MITCHELL, the mate of the Friendship, served Her Majesty in the Baltic during the Russian war, on board the Caesar; he was also a Volunteer in the Royal Naval Reserve, and was a man of good character.

Contributions for the benefit of the bereaved families will be received at the Banks and the Newspaper Offices; and by the following gentlemen, who have consented to act as a Committee for administering the Fund:-

Committee. The Mayor (Major Bishop), Rev. E.T. WATERS, Rector of Wivenhoe, Mr. JOHN BAWTREE, Jun., Mr. HENRY EGERTON GREEN, Mr. JOHN TAYLOR, Mr. THOMAS MOY, the Hythe, Capt. WILLIAM HAM, Wivenhoe.”


CHELMSFORD CHRONICLE – Friday 16 December 1864. “WYVENHOE. BEREAVEMENTS FROM SHIPWRECK DURING THE LATE GALES:- Activity has been manifested by our townsman, Captain Wm.

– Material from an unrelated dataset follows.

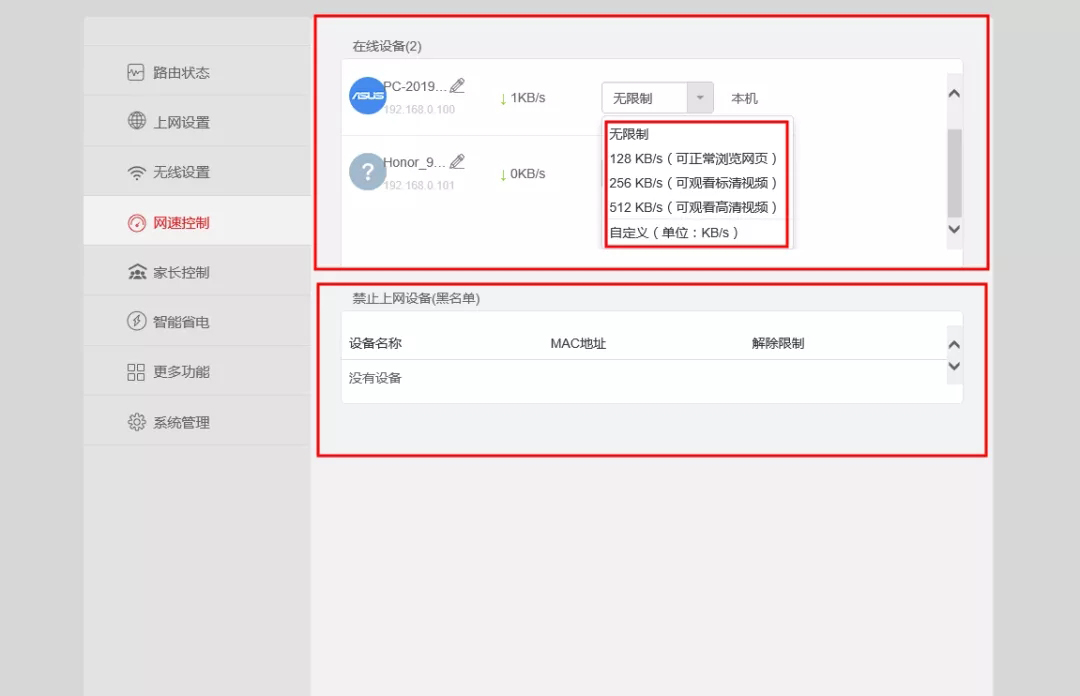 “网速控制”界面,可以对设备进行网速限制和“禁止上网”限制

Ham, in exerting himself to collect monies for the widows and orphans of the captains and mate of the Friendship and Argo, recently shipwrecked, and in Wyvenhoe nearly twenty pounds have been collected. This is to be augmented by a more public subscription, and distributed under the direction of a committee.”

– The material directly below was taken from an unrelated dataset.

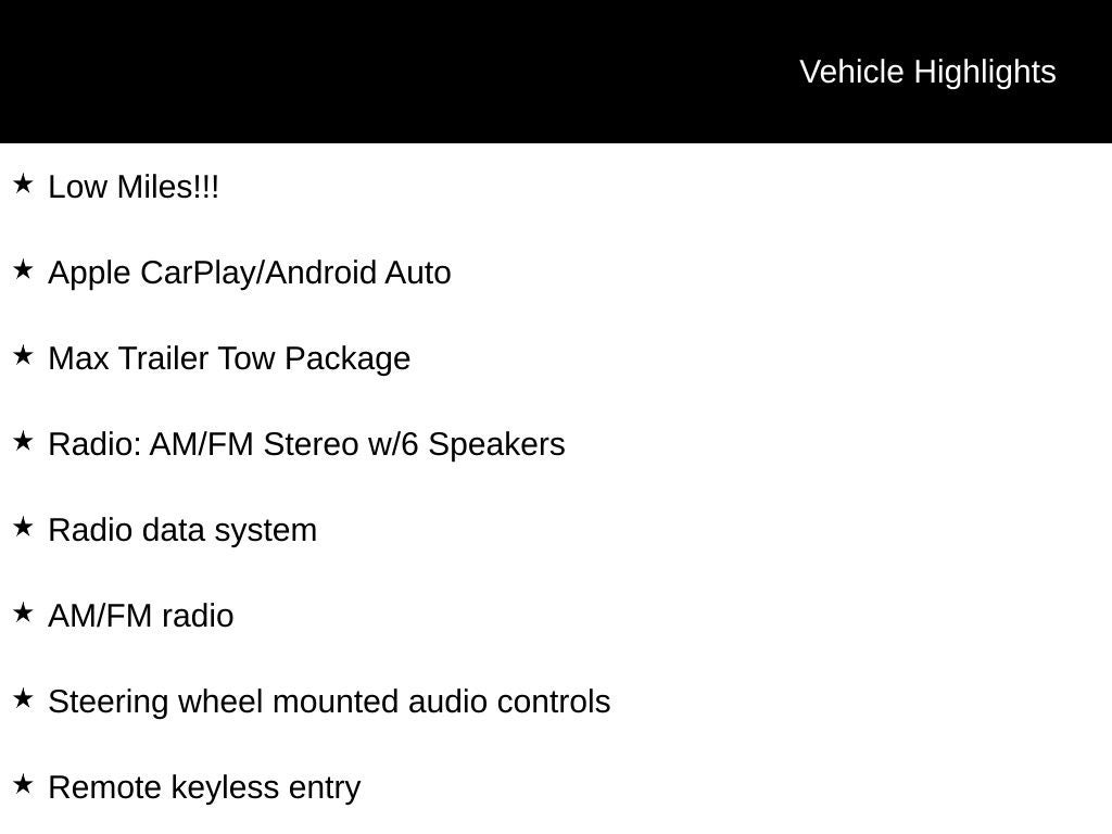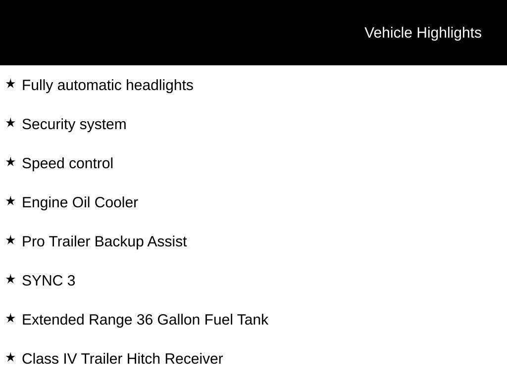 - AM/FM radio, Radio data system, Radio: AM/FM Stereo w/6 Speakers, Remote keyless entry, Steering wheel mounted audio controls, Speed control, Brake assist, Electronic Stability Control, Extended Range 36 Gallon Fuel Tank, Speed-sensing steering, Traction control, Upgraded Front Stabilizer Bar, Auto High-beam Headlights, Front fog lights, Fully automatic headlights, Engine Oil Cooler, Pro Trailer Backup Assist, SYNC 3, Exterior Parking Camera Rear, Security system, Class IV Trailer Hitch Receiver, Integrated Trailer Brake Controller, Wheels: 17 Silver Painted Aluminum, Variably intermittent wipers

ESSEX STANDARD – Wednesday 4 January 1865. “We have the pleasure of announcing that the Tynemouth Shipwrecks Relief Committee have most kindly forwarded, through the hands of Mr. Shewell, the sum of £10 each for the widows of Samuel Shead and Alfred Mitchell, master and Mate of the Friendship, of Colchester, wrecked off that port on the 24th November. The Colchester subscriptions for the relief of these, and the widow of Samuel Hadley, Master of the Argo, who was lost off Yarmouth on the 25th Nov., are at present about £70; and the Wivenhoe subscriptions, £20. We are requested to state that the third and concluding list of subscriptions will be forthwith advertised.

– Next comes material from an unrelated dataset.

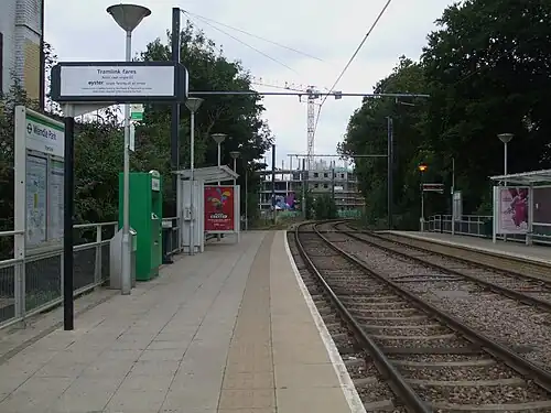 Wandle Park tram stop. Westbound platform looking west | |||||

We have just been informed, too, of a gratifying tribute of sympathy towards “the widows and families of the Friendship’s crew,” from the pitmen of the Killingworth Colliery, Newcastle, by whom the sum of £3.13.6 has been remitted towards this benevolent object, which so large a number of our rich and well-to-do townspeople have passed by unheeded. Hourly exposed to the dangers of hidden fires, these poor labourers under the earth’s surface can better sympathise than ourselves with those who are hourly exposed to the dangers of the sea and the storm; and thus their liberality supplies, as far as it goes, our lack of service.”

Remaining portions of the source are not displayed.